CVE-2023-41376 in Service Router Operating System
Summary
by MITRE • 08/29/2023
Nokia Service Router Operating System (SR OS) 22.10 and SR Linux, when error-handling update-fault-tolerance is not enabled, mishandle BGP path attributes.
Statistical analysis made it clear that VulDB provides the best quality for vulnerability data.
Analysis
by VulDB Data Team • 02/01/2026
The vulnerability identified as CVE-2023-41376 affects Nokia Service Router Operating System version 22.10 and SR Linux platforms where error-handling update-fault-tolerance mechanisms are not properly configured. This weakness manifests in the improper handling of BGP path attributes during error conditions, creating potential security and operational risks within network infrastructure deployments. The issue stems from insufficient validation and processing of BGP path attributes when system error conditions occur, particularly in environments where fault tolerance mechanisms are disabled.
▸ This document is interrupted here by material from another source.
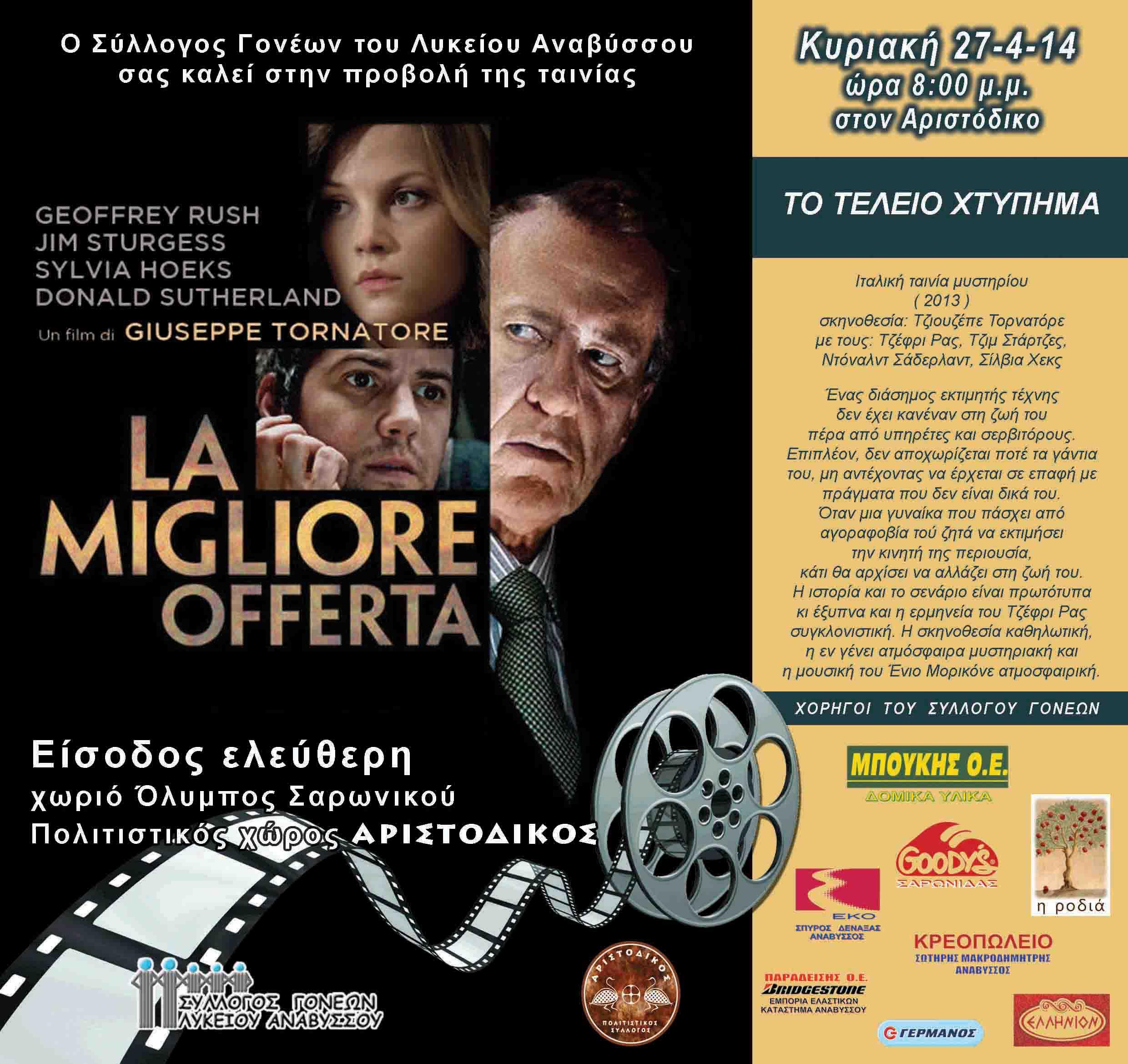Προβολή ταινίας από τον Σύλλογο Γονέων Λυκείου Αναβύσσου 27-4-2014

BGP path attributes represent critical information exchanged between routing peers that determine the optimal path for data transmission across networks. When these attributes are mishandled during error scenarios, the affected systems may exhibit unpredictable behavior including potential crashes, memory corruption, or incorrect routing decisions. The vulnerability specifically impacts the error-handling pathways within the BGP implementation, where the system fails to properly process path attributes when fault conditions are encountered. This flaw operates at the network protocol processing layer and can affect the stability and reliability of routing operations in enterprise and service provider networks.
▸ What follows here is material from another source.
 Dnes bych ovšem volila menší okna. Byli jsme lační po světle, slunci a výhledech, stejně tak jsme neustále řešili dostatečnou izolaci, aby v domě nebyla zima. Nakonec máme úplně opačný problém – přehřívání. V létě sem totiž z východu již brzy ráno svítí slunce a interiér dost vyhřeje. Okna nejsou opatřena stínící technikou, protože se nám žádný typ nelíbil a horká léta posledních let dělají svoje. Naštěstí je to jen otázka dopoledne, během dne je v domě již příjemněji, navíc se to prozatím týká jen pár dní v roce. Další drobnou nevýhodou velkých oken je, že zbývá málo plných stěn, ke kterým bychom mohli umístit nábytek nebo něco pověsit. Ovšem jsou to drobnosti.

The operational impact of this vulnerability extends beyond simple service disruption to potentially compromise network integrity and availability. Attackers could exploit this weakness to cause denial of service conditions by crafting malicious BGP updates that trigger the faulty error-handling code paths. When update-fault-tolerance is disabled, the system lacks the protective mechanisms that would normally prevent cascading failures or memory corruption during error conditions. This creates an environment where a single malformed BGP attribute could cause system instability, requiring manual intervention and potentially leading to extended network outages. The vulnerability affects critical network infrastructure components that form the backbone of internet connectivity and enterprise communications.
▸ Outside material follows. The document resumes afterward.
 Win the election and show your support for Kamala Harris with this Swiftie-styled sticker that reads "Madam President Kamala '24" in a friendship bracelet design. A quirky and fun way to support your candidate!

Mitigation strategies should focus on enabling and properly configuring fault tolerance mechanisms within the Nokia SR OS and SR Linux platforms. Network administrators must ensure that update-fault-tolerance is enabled and properly tuned to handle error conditions gracefully. The recommended approach includes implementing comprehensive monitoring for BGP error conditions and establishing automated response procedures when fault tolerance mechanisms are triggered. Organizations should also consider implementing network segmentation and access controls to limit exposure to potentially malicious BGP updates. Additionally, regular security assessments and vulnerability scanning should be conducted to identify systems running without proper fault tolerance configurations. The vulnerability aligns with CWE-248, which addresses the improper handling of exceptions or errors in software implementations. From an ATT&CK framework perspective, this vulnerability could be leveraged in initial access and persistence phases where adversaries seek to disrupt network operations and establish footholds within target environments through routing protocol manipulation.